On the other hand, IP and Ethernet networks do not provide the same predictability of performance through a dedicated-like service that channel based technologies such as SCSI or fibre channel are designed to do. As a result, NAS is less suited to those applications and environments that depend on dedicated access to storage (e.g. databases or client-server applications).

Why ESN?
A number of factors have come together to initiate a fundamental change in the way information infrastructures need to be architected to meet the needs of organizations. These include the sheer quantity of information, technology advancements, limited human resources, and the need to be flexible. As a result, traditional point to point storage topologies are unable to meet the emerging needs of organizations because they either don't take advantage of the available technology, or are inflexible, and require more effort to manage and maintain.

Enterprise storage networks, through both SAN and NAS technologies, offer the ability to implement an information infrastructure that addresses these factors.

What's changed?
The following challenges have converged to initiate the need for storage networks:

  • Rate of information growth.
  • Drive for management efficiency.
  • Storage/disk technology advancements.
  • Pace of change in business requirements.

The quantity and criticality of information that organizations are storing, managing, and maintaining is growing at an exponential rate. The contributing factors include the explosion of Internet and web content, the emergence of digital media assets (audio, video, and images), data warehousing and CRM applications. As a result, IT shops are realizing that to deploy storage in traditional (point to point or host captive) architectures is becoming unwieldy and costly to manage the multitude of storage pools that evolve (purchasing, maintaining, providing access to applications, back up, etc.).

Storage networks offer the ability to consolidate both the storage and management for large environments, thereby reducing the acquisition and management costs for the information infrastructure. This is increasingly important in an economy in which the ability to attract capable professionals to manage and operate these information infrastructures is becoming progressively more difficult.

In conjunction with and perhaps fuelling the growth of information are the advancements in storage technology. Both of these enable the storage of large amounts of information and present new challenges in terms of data protection, management, and performance. For instance, disk drive densities tend to double every 1.5 to 2 years--at the same cost! On the other hand, enterprise storage arrays have a fixed number of connections (SCSI, FC, or otherwise). Since the rise in capacity of storage arrays has outpaced the number of connectivity ports, we have arrived at a point where a storage network is necessary to exploit the potential capacity (and therefore value) of enterprise storage arrays.

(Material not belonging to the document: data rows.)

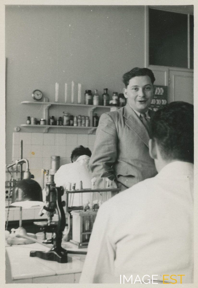 Étudiants de l'Ensaia (École nationale supérieure d'agronomie et des industries alimentaires) en travaux pratiques dans une salle d'un bâtiment de la rue Sainte-Catherine à Nancy (Meurthe-et-Moselle).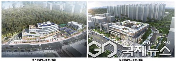 2026년 4월 개관 예정인 가칭 동백종합복지회관(왼쪽)과 보정종합복지회관(오른쪽) 조감도 사진(사진=용인시) |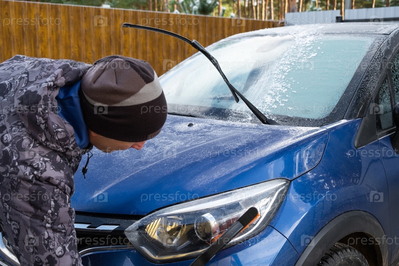 Мужчина очищает лобовое стекло автомобиля ото льда специальной кистью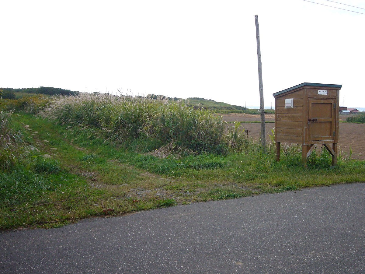 踏切の脇に相当する位置の木製の、ゴミ入れと思われる構造物が、駅舎にも重なって見えた。
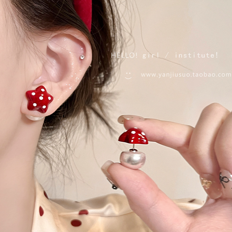 アンコラ赤五角星波点イヤリング女性秋冬高級感後掛け真珠ピアス優しい気質耳飾り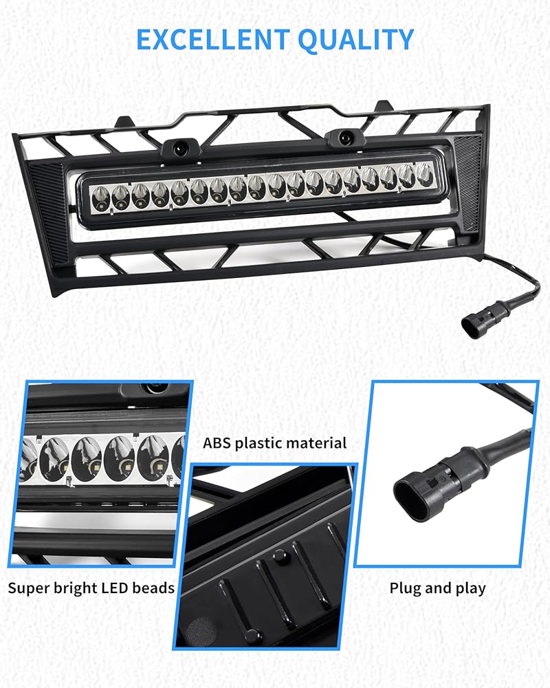 The Front Grille with LED Light Bar is equipped with 18 high-brightness and energy-efficient LED beads that adapt to a variety of driving conditions, providing superior illumination for nighttime driving or off-road adventures; the adjustable light angle allows you to customize the direction of illumination to suit your needs.

Finally, the pace of change has accelerated to the point where any infrastructure put in place must either be flexible enough to address both current and anticipated needs, or it must be rebuilt time and again as the needs of the organization change. Applications, databases, and the computers that host them are being re-engineered and re-deployed.

Ultimately, the content itself is the crux around which changing infrastructure revolves. Information storage architectures are tied to those applications, databases, and computers; and therefore, must also be flexible enough to enable the re-engineering and re-deployment of an organization's assets.

Results
The factors described above, result in two "situations" that ultimately relate to issues of distance and connectivity. These situations are:

  • Captive storage
  • Captive hosts

'Captive storage' describes the situation where all connections in a storage array are fully utilized, but the array itself has **available capacity. This typically results from situations where each host has small information storage requirements, the disk drive density increases beyond the needs of the number of hosts that can connect to an array, or when the array has relatively few available connections.

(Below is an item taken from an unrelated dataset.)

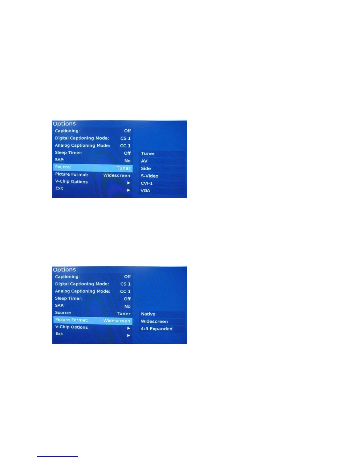 Note: On Plasma monitors, user access to Picture Format will be limited to prevent the potential

For instance, consider consolidating NT application and file serving information on a storage array with 32 available SCSI connections and an available capacity of 9 Tb of protected storage. If the typical NT server requires 50 Gb of storage and you could connect 32 servers, you would utilize 1.6 Tb or less than 20 per cent of the available capacity of the array.

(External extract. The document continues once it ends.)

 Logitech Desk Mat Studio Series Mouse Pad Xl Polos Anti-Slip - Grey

This results in a higher than optimal cost per unit of storage (because of the fixed costs associated with the array and storage software). Further, that array is now unavailable to the next server forcing it to go onto a second array making it harder to pass information back and forth with the other servers on the first array and increasing the effort it takes to manage the environment.

A 'Captive host' describes the reverse situation as captive storage. Essentially, the storage requirements of the hosts connected to a storage array grow to exceed the capacity of that array. This means that an additional array must be deployed and the hosts and information re-deployed and balanced across the two arrays. This involves substantial effort and downtime associated with planning, executing, and testing the migration of the hosts and storage from the original array to the new configuration. In addition, you end up underutilizing the storage assets if there is available capacity elsewhere in the infrastructure that is impractical to use due to distance or connectivity requirements between host and storage.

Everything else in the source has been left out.